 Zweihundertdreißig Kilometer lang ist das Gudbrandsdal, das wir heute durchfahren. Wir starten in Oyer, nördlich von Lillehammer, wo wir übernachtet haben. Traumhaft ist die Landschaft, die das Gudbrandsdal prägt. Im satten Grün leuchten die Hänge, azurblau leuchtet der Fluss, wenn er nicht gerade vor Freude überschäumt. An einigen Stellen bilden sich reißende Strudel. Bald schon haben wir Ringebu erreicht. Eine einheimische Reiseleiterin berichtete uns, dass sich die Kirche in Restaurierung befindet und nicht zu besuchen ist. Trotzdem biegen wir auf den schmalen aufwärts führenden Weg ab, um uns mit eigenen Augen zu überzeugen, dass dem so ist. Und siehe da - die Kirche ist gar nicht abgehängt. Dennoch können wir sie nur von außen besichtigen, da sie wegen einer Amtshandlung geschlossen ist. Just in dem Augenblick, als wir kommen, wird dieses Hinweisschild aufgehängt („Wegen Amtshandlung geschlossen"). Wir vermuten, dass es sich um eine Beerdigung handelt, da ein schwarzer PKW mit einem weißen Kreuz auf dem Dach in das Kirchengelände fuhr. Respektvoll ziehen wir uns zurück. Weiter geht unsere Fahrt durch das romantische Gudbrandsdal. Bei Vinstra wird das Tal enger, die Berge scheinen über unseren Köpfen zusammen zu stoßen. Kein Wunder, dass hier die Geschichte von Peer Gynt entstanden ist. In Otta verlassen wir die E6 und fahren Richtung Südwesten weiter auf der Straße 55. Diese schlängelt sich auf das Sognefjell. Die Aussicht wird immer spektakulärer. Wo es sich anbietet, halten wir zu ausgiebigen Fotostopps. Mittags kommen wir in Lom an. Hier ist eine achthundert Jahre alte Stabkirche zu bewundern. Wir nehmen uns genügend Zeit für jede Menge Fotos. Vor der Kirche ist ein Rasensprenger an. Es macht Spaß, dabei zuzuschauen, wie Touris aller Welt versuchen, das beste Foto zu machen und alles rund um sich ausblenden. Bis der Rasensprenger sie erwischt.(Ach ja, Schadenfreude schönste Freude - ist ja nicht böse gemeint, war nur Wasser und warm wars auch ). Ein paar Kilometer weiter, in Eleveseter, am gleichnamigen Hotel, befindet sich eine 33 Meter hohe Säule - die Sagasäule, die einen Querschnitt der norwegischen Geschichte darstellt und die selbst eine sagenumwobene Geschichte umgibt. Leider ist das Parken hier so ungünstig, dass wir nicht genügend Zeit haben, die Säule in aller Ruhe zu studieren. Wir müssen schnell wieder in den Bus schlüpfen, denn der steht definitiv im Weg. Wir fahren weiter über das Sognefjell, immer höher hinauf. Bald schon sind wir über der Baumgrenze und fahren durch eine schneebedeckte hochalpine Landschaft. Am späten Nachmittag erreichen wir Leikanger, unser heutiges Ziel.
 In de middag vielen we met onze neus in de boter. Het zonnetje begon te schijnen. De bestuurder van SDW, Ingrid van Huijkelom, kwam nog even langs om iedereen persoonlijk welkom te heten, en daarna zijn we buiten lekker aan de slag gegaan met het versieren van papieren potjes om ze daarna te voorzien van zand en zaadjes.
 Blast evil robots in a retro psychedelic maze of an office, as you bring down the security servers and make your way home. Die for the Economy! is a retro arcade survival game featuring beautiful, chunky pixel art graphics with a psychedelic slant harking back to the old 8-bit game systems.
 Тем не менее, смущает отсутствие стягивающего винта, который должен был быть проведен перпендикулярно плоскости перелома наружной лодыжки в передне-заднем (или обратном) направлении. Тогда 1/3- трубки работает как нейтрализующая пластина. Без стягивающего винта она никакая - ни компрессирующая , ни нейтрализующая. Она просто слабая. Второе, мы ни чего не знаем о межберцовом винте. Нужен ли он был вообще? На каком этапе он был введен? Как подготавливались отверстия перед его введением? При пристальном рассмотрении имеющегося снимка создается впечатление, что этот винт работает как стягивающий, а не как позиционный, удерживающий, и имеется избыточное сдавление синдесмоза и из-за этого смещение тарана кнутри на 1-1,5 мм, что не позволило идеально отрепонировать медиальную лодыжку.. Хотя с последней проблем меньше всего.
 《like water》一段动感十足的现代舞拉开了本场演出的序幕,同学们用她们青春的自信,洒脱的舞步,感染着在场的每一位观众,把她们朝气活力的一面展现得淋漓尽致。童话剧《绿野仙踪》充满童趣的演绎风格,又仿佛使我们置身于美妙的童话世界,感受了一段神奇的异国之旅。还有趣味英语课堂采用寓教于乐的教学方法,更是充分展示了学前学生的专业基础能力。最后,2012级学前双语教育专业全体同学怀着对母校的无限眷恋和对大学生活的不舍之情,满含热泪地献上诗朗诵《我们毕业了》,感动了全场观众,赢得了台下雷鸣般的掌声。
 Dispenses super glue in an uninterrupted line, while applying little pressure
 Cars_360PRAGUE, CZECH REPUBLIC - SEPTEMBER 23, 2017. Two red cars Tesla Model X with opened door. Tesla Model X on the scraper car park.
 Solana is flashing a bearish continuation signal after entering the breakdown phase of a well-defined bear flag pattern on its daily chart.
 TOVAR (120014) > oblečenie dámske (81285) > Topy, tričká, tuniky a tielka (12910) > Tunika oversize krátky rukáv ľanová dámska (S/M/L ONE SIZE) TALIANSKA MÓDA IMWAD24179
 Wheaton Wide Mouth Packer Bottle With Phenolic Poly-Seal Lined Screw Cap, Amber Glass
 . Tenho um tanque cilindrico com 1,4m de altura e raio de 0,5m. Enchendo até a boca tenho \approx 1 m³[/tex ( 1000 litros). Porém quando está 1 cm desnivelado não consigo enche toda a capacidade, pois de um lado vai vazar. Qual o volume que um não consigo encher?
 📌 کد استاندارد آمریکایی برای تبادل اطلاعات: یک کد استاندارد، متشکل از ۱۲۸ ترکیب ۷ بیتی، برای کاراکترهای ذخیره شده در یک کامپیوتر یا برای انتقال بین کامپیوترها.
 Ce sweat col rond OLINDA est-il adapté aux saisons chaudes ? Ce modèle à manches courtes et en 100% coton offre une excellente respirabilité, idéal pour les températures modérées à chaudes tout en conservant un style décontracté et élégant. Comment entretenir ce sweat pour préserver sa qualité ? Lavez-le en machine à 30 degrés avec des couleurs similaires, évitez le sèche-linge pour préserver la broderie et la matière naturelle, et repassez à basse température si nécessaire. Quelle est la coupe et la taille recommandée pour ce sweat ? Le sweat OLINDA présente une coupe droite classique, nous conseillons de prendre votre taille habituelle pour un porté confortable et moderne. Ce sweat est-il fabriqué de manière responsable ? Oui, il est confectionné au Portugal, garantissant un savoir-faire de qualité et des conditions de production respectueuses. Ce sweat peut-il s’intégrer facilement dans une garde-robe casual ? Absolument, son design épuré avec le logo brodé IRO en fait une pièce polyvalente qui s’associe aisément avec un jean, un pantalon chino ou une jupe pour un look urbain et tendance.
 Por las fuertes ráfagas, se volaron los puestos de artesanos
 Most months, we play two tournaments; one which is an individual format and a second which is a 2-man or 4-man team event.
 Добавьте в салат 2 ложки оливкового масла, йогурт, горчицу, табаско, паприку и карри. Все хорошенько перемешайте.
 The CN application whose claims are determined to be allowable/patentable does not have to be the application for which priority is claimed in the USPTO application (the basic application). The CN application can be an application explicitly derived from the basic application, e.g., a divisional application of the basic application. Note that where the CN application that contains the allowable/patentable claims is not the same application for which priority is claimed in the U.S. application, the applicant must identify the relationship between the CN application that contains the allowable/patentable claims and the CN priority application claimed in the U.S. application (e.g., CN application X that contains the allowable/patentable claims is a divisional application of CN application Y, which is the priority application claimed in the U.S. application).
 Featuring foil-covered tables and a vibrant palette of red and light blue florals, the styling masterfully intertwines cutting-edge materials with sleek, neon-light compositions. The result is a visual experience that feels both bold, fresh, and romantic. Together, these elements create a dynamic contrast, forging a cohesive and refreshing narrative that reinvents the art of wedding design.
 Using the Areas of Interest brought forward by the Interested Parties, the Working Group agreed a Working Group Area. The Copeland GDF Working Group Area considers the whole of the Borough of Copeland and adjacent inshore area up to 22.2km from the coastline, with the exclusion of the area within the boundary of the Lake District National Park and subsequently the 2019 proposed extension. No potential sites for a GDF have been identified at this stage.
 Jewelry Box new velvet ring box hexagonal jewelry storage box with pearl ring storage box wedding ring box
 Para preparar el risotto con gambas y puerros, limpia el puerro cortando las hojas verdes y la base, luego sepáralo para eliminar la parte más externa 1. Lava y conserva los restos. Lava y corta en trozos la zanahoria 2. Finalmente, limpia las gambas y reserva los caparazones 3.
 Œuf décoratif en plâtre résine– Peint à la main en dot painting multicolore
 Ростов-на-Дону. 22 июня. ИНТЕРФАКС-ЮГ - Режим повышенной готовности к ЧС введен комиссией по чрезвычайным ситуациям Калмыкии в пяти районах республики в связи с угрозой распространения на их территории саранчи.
= = = = = = =
§ Directions
Examine the data above and state how many of its lines contain the word "wedding", with no further remarks.

§ Exercise result
2